Editor’s note: On Dec. 3, the Kaua‘i Museum celebrates its 50th anniversary. Museum leaders have chosen 50 stories from exhibits, collections and the archives of the museum to share with the public. One story will run daily through Dec. 3.
Editor’s note: On Dec. 3, the Kaua‘i Museum celebrates its 50th anniversary. Museum leaders have chosen 50 stories from exhibits, collections and the archives of the museum to share with the public. One story will run daily through Dec. 3.
LIHU‘E — Being the only western doctor on Kaua‘i for most of 40 years, Dr. James Smith of Koloa kept a horse and buggy ready to be called away at a moments notice.

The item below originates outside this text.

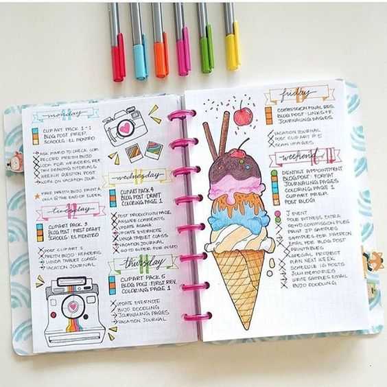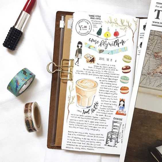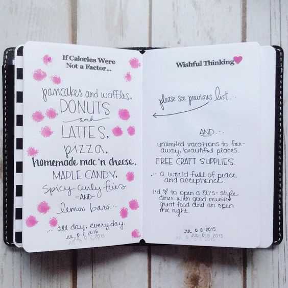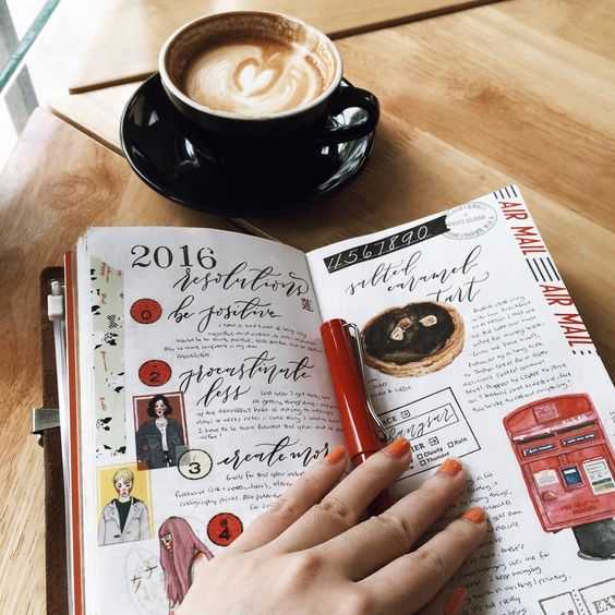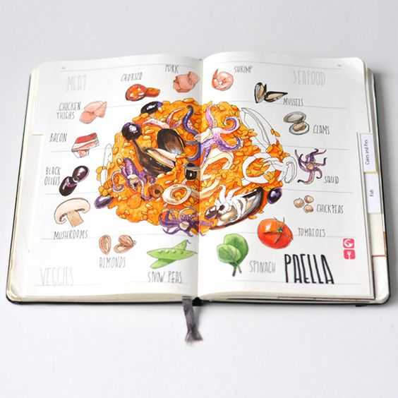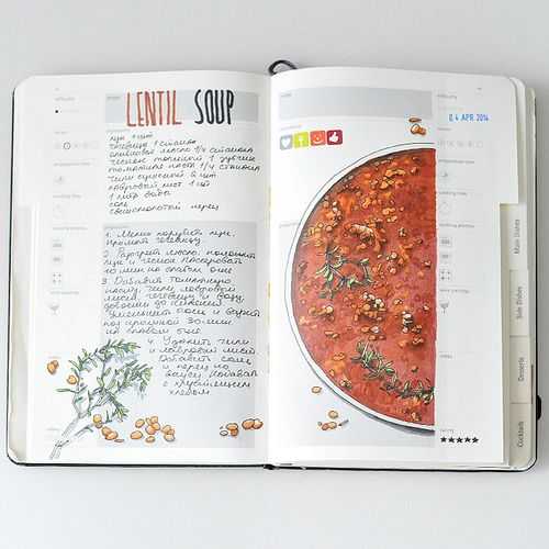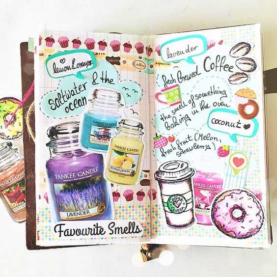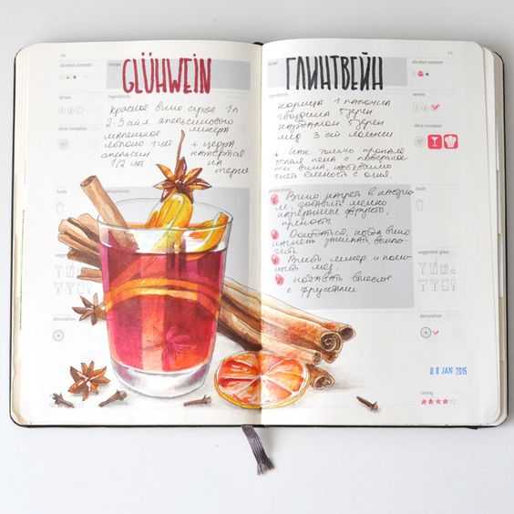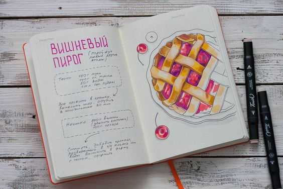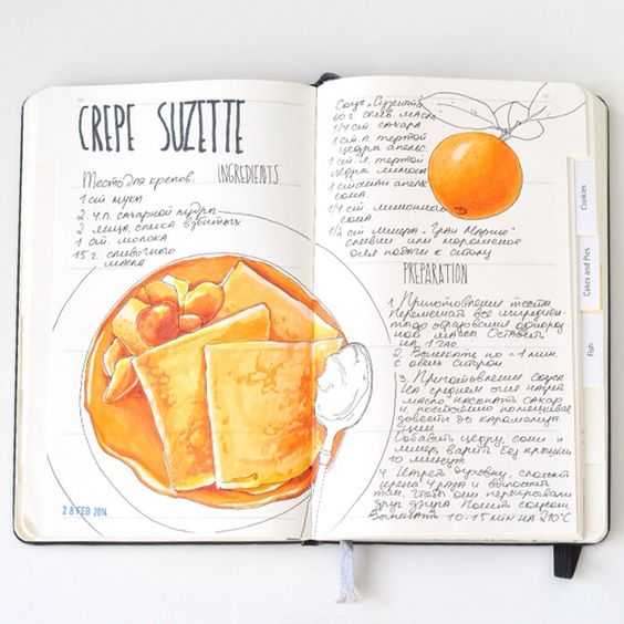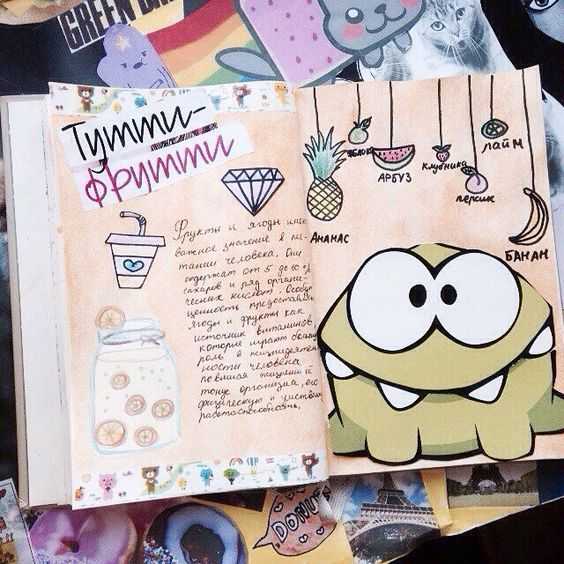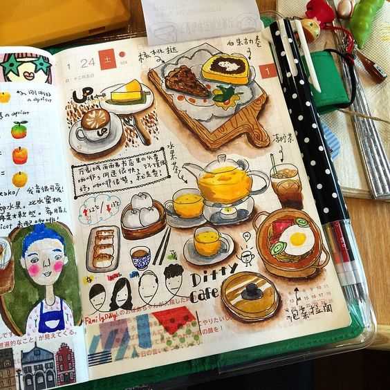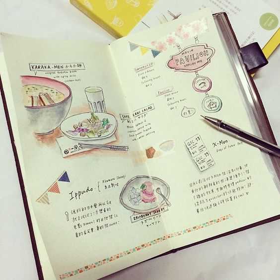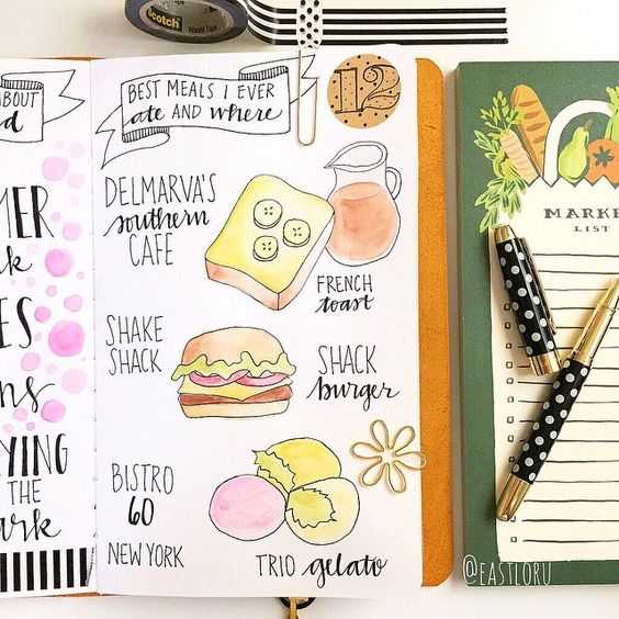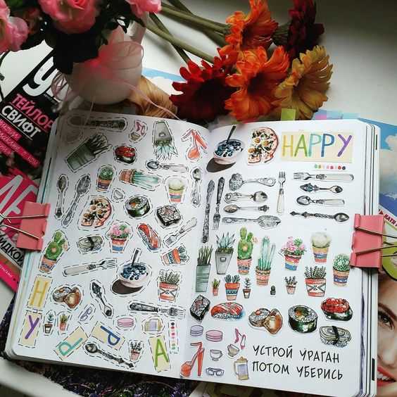 Если любите путешествовать, бывать в новых местах и предпочитаете вкусно покушать, обязательно делайте заметки с интересными рецептами, названиями вкусных блюд и напитков. Подключайте фантазию, рисуйте, используйте самые разные наклейки и стикеры. Все это поможет разнообразить раздел о еде.

At sunrise, one Monday morning in 1865, a frantic and exhausted rider arrived, having traveled throughout the night with the news that Robert Cockran Wyllie had slit his throat but still lived. Smith recorded in his journal, “I left home about quarter before 8 o’clock … changed horses at Wailua and reached Princeville at half past 12. Only 4 and a half hours from Koloa.” The distance was 45 miles over rough terrain with numerous rivers to cross. It was a remarkable ride.
Smith found his patient conscious but in a very bad way. The cut made with a heavy razor caused the trachea to separate and the loss of blood was so great that he couldn’t imagine the poor man having any more to bleed. Only the barest thread of a pulse existed. Dr. Smith tried, but couldn’t stitch up the throat so that there was no way to feed the man. By evening Wyllie became delirious and Tuesday he became rational but then was delirious all night. He finally died about 6:05 on Wednesday evening. Dr. Smith entered in his journal, “I pray I never see another such case.”
The cause for the man’s attempted suicide was that his uncle’s estate at Princeville with its new $40,000 mill was deeply in debt. The mill was more for show and the plantation was not capable of bringing in the profits necessary pay down the debt. Wyllie was despondent for weeks when some visiting friends discovered him with his throat slit by his own hand. Their quick action in binding his wounds and sending the rider to Koloa, allowed young Wyllie the opportunity to write his will.
The notice in the Hawaiian Gazette mentioned he died “suddenly.” Robert Wyllie was buried in the Wai‘oli churchyard in an unmarked grave surround by an iron fence.